PROBLEM DESCRIPTION:
An exact copy of each line below is needed, with no images in it.

DATA:

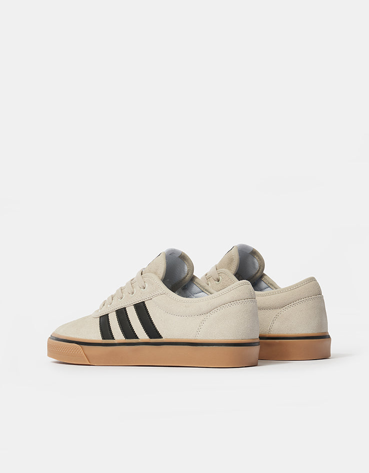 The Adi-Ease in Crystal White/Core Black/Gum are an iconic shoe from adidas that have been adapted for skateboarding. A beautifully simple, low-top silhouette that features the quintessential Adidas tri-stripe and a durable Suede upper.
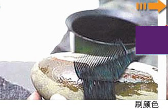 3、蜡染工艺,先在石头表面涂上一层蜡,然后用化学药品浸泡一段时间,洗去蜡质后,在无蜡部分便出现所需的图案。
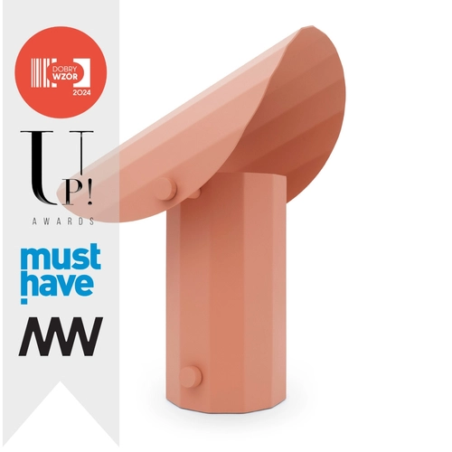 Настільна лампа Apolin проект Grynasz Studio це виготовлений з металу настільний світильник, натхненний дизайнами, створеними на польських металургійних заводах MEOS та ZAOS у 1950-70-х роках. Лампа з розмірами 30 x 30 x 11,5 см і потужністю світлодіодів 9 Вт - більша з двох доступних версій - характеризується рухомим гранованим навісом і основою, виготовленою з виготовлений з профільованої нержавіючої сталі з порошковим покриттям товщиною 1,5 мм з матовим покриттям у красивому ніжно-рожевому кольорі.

OUTPUT FOR THIS EXERCISE:
 The Adi-Ease in Crystal White/Core Black/Gum are an iconic shoe from adidas that have been adapted for skateboarding. A beautifully simple, low-top silhouette that features the quintessential Adidas tri-stripe and a durable Suede upper.
 3、蜡染工艺,先在石头表面涂上一层蜡,然后用化学药品浸泡一段时间,洗去蜡质后,在无蜡部分便出现所需的图案。
 Настільна лампа Apolin проект Grynasz Studio це виготовлений з металу настільний світильник, натхненний дизайнами, створеними на польських металургійних заводах MEOS та ZAOS у 1950-70-х роках. Лампа з розмірами 30 x 30 x 11,5 см і потужністю світлодіодів 9 Вт - більша з двох доступних версій - характеризується рухомим гранованим навісом і основою, виготовленою з виготовлений з профільованої нержавіючої сталі з порошковим покриттям товщиною 1,5 мм з матовим покриттям у красивому ніжно-рожевому кольорі.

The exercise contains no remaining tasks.